Sara Murawski: When I read your work on dependency theory I don’t understand why it is outdated because it all seems quite to the point and obvious to me. You write in one of your articles that it is time to leave the ideological battles over knowledge production aside so that we can acknowledge the hierarchies and dependencies in our global economy. The politics of knowledge production that you mentioned earlier was also a theme that Andrew Fischer spoke of two weeks ago. At the same time part of your presentation regarding the marginalisation of dependency theory relates to the fact that it is ideologically and politically driven, right? Because of the neoclassical dominance for example. When you write that we should leave aside the ideological battle what do you exactly mean? Does it also imply that dependency theory is free of ideology?

Ingrid: That is a good question. I am glad I can clarify. I don’t think that dependency theory is free of ideology at all. I think ideology is key in the production of knowledge and in all social sciences. And we should forefront that, bring it out and have more discussion about the ideological underpinnings of social science theories. A lot of dependency theory focuses on class rather than on individuals, on inequality, on the polarising tendencies of capitalism which there are ideologies associated with the way dependency theorists approach economic questions, or socio-economic questions, and in the same way that there are ideological underpinnings of the way that neoclassical economics approaches economic questions (... sp) individuals, and see individuals as separate and rational optimising and mark this as perfect. And imperfections as deviations from that perfect ideal.

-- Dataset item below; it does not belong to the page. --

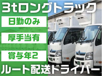 職種/仕事内容 | 仕事内容 =================== 来年3月まで大規模な採用計画あり✨ 迷っている方はぜひブックマークを! =================== 3tロング車で福岡市内のコンビニに 冷凍食品をルート配送していただく 日勤ドライバーを募集いたします。 ※乗車いただく【3tロング車】は 中型免許があれば運転できます◎ 【配送先】 佐賀、北九州、下関、飯塚、行橋、田川 【配送件数】 1日20件程度 長距離配送や力仕事はなく、 決まったルートなので覚えやすいです。 初めのうちは先輩と一緒に回りますので 未経験の方も安心してご応募ください。 【求人のポイント】 ✅対応範囲と安定性 九州全域に自社のセンターや拠点を複数持ち 配送ネットワークを整えています。 スーパーマーケット、小売店、コンビニ、 食品メーカーなど、幅広い顧客を 持っているため業務量が安定しています。 ✅未経験者応援 新入社員研修、安全・品質研修などがあり 中途採用者にもフォローがあります。 配送業が初めての方もご安心を。 ✅資格取得支援 運行管理者、整備管理者などの 業務上必要な資格取得に 会社が支援を行う体制があります。 希望者は大型・中型免許の取得支援も◎ 【安定した需要で福利厚生も充実】 ⭐月給にプラスで各種手当あり ⭐昇給年1回 ⭐賞与年2回 ⭐年間休日112日以上 ⭐休憩はたっぷり1時間30分 ⭐希望休制度あり ⭐お子さんの学校行事などによる休みOK ⭐配送が早く終われば、定時前の退社も可 ⭐資格取得支援制度(全額会社負担) ⭐退職金制度あり |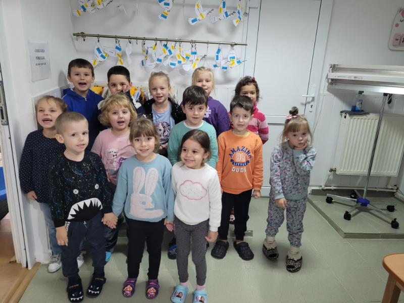 Preșcolarii acestei grupe sunt mereu în mișcare, plini de entuziasm și harnici. Sala de grupă este un loc unde copiii se simt acasă, având la dispoziție un spațiu adecvat vârstei, cu centre de interes dotate, jucării bine alese, din materiale de calitate. Este locul unde și-ar lăsa fiecare părinte copilul știindu-l în siguranță, ocrotit, iubit și educat.

So when I say that we should leave the ideological battles behind, I think what I really mean is that dependency theory shouldn’t be excluded based on ideology , that is something that happened. It shouldn’t be dismissed based on ideology, but I would like to bring the ideological battle back in and have us talk more about the ideology of social sciences. And allow the debates to happen within economic departments, within other social science departments and in policy as well. So more pluralism.

On the role of monopoly capitalism

Rodrigo Fernandez: (...) You separate the core business that they all have in common, and some auxiliary hypotheses that are questioned by several theorists. One of these auxiliary hypotheses is the role of monopoly capitalism and dependency. In the 1970s there was a lot of debate on monopoly capitalism, it was the time of late capitalism, of Ernest Mandel and Paul Sweezy. Since then we have of course had this period of globalisation, a lot of global foreign direct investments, a large part of those were mergers and acquisitions, leading to an ever larger concentration of corporate power. In my understanding there is quite a difference between the type of transnational corporation that existed in the 1970s, and the ones we have now. With the much larger power to have these global value chains. So this is more a question on the empirical level. Do you think first that we do have a different type of transnational corporation? And secondly what would this imply for the dependency approach or the research program of dependency theories?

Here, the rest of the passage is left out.